But behind his alluring facade, elegant suits, arrogance and playboy moves, Lubaszka’s glamorous Hollywood lifestyle came with a more predictable yet darker side: A history of arrests dating back to at least 2005 involving alcohol abuse and drug use. His driver’s license was suspended by a Santa Barbara County court in October 2006. At 28, he was arrested in a Santa Monica hotel bar, booked for intoxication and for challenging employees to a fight. Court records also show that, over the course of the years, he was arrested in the Los Angeles and San Diego counties for criminal threats, public intoxication and several DUIs. Multiple times he was ordered into alcohol treatment programs and placed on probation. Furthermore, he was convicted on drug charges, ordered into a rehab program and later expelled.

Marc Lubaszka has a history of civil, fraud and criminal cases against him in the Los Angeles County.

“I think Marc was a legitimate and successful gold broker at some point, but alcohol and drugs turned him into a crook,” says Gern.

As Lubaszka struggled with substance abuse and to stay afloat, several victims – Leslie Lawson, James Re, Andreas Mirza, Murat Kanbay, Faras Rabadi, and John Dimaggio – filed legal cases against him and his gold companies, including World Gold Group. While some obtained default judgments against the broker for failure to appear in court, others were unable to prevail in the legal system, proving that victims face insurmountable challenges in their fight for justice and closure.

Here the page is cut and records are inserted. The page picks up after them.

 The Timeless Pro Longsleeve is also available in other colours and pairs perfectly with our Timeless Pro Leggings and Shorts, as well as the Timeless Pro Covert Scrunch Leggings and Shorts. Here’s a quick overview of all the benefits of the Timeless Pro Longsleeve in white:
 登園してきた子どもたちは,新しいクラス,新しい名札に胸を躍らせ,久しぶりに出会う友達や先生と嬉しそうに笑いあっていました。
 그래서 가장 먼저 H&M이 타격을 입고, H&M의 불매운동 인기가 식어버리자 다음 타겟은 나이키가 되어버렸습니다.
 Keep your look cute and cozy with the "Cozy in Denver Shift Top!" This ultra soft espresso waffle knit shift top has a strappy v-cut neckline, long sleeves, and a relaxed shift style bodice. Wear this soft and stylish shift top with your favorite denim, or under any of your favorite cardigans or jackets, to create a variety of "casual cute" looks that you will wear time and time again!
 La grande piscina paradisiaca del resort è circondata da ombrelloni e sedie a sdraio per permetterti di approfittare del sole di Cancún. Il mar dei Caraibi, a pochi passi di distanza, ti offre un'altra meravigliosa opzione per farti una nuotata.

In the midst of his Aurum Advisors demise, Lubaszka was also arrested for domestic violence against his girlfriend. The surety company involved in this case confirmed that a $50,000 bail was posted for Lubaszka’s release and that he later skipped his court hearings.

mar lubaszka arrests
Marc Lubaszka’s history of court records in the Santa Barbara, Los Angeles and San Diego counties go back to 1998.

Overwhelmed by his many legal, professional and personal troubles around late 2011, Lubaszka resorted to one last card up his sleeve: He packed his bags, kissed his Hollywood Hills mansion goodbye and fled to South America.

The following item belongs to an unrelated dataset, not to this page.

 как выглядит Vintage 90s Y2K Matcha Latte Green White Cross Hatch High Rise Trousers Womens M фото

Following Lubaszka’s elusive trail in South America

In an email to other victims, Jeroldine Clark shared photographic evidence that the entrepreneur had vanished from the LA party scene and was hiding in South America. At least one photograph placed Lubaszka in Colombia on May 9, 2012. One of the images uploaded to a blog hinted that the broker had already broken into the fashion world in the aftermath of his gold coins monumental fiasco. Shortly after, the photos were removed. The blog author did not respond to a request for comment.

“What we heard at that time is that he had some kind of grand opening for a high-end fashion store in Colombia,” Clark explains.

Then, Lubaszka did what he does best: He faded again.

Before long, the runaway broker had ventured through the ‘trochas,’ the clandestine paths stretching from Colombia to Venezuela, to appear in downtown Maracaibo – known as a hot spot for criminal activity. “He was sitting there alone with one bag in his hand. His clothes were dirty, torn, and he looked lost,” says in an exclusive interview Rubén Turtulici, a Venezuelan-Italian pastor with the Mustard Tree Missions currently based in Dubai. “He said his name was David from Canada, that he’d been kidnapped and robbed by the Colombian guerrillas and that he’d lost his money and his passport.”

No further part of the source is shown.